Tech Firm Corp Finance Interview Question: How can you allocate resources of developers to various products
Hi All,
I was asked a question in Tech firm corp finance role. The interviewer asked how i can allocate software engineers resources to various prod. say why should we invest more engineers to this product and less to another prod.
Thank you for all thoughts from talents here.
One way or another it will be driven by the best roi.
Thank you. ROI caculates the rate of investment ((gains-costs)/costs). What if the prod with higher ROI but takes a long time to achieve it? how may we take time into consideration?
Apply discount rates to arrive at a present value. Projects might have differing risk levels as well...example. Project A may take a long time but company has a lot of expertise. Project B might be shorter in duration but company has little/no expertise and thus would require a higher discount rate.

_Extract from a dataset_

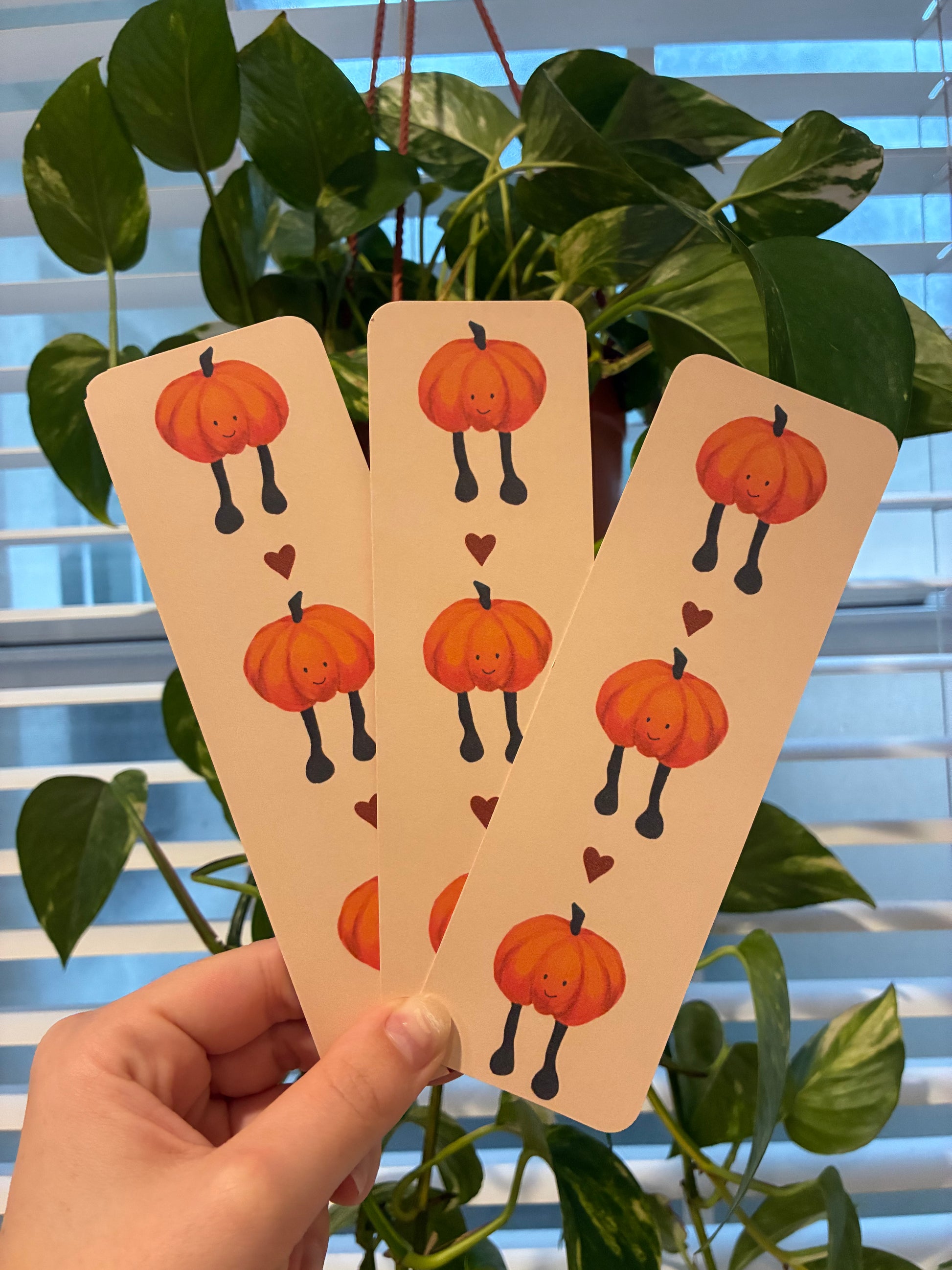 - 2” x 7” double sided matte bookmark feature the pumpkin guy.

Just compare NPVs of Project A vs. Project B, and whichever has the higher NPV at the respectively appropriate discount rates is the project you should most likley invest in. This of course ignores any situational specific nuances or qualitative assessments that may impact your analysis, but from a quantitative standpoint you're just comparing the ROI (either with an NPV or an IRR Is fine too) of the two projects and going with the one that yields a higher return.
Lets say the project does not work, and is thus scrapped. You would end up using capital budgeting methods on a sunk cost. I would guess that he is going to have to make some sort of justification for whatever inputs he decides to use, but this sounds like an operations question, especially if he were given a couple of things like x produces 50 lines of code per hour on a 6 million line project and y produces 45 per hour on a project of 35 million lines. What is the correct number of engineers to allocate to each project so that the averages are the same?
I'm not fully appreciating how sunk costs matter here. Obviously looking at things in hindsight it's easier to say if Project A failed, we should have gone with Project B. But if I'm standing here today looking into the future, whether a project ends up failing, no one can 100% predict, but that is the point of having different discount rates that supposedly accounts for the higher risks of a project.
On your other point air enough I suppose we should take into consideration the "efficiency" of the engineers. But ultimately, isn't it still cash flow driven? And the salary expense associate with Project A vs. Project B should inherently account for how much more complicated a particularly project is to code (presumably more line requires more FTEs which increases salaries expense). Also, while I have no studies to back this up, is there that high of a correlation between number of lines in project vs. revenue? At the end of the day, I need to maximize my net cash flows into perpetuity. Now, I do think if you were to say: Project A requires 10 engineers and would produce $100 of net cash into perpetuity (set aside discounting for a second), and Project B requires only 3 engineers and would produce only $3 of net cash and allows you to allocate the 7 other engineers to even higher ROI projects, then the staffing optimization question comes more into play - because you're not just comparing A vs. B, but really A vs. B+X+Y+etc (or whatever other permutation).
At the end of the day, I think this is what partially makes some CEOs great. There are a number (hundreds, thousands) of different initiatives that can be taken, and each have their own level of risk and their own level expected return. No one can run permutations quantitatively on every and all the possibilities to undertake, and predict with high accuracy which ones will be most profitable. But some CEOs have an innate / intuitive ability to understand what consumers actually want (vs. what consumers think they want), and execute against that.
It was a staffing model question. I am going to go out on a limb and say that the role probably dealt quite a bit with operations.
Edit: to clarify it was an Optimization Staffing Model, that you can bang out with solver in excel.
Some update thoughts: Should the analyst consider calculating contribution margin of each prod to get breakeven unit. Let's say fixed asset/ weighted avg contribution margin per unit. Then use that overall breakeven unit to get breakeven unit per prod ( overall breakeven unit * prod a budget sales / budget total sales) ..and then allocate engineers resource per breakevent unit for each prod. How does everyone think?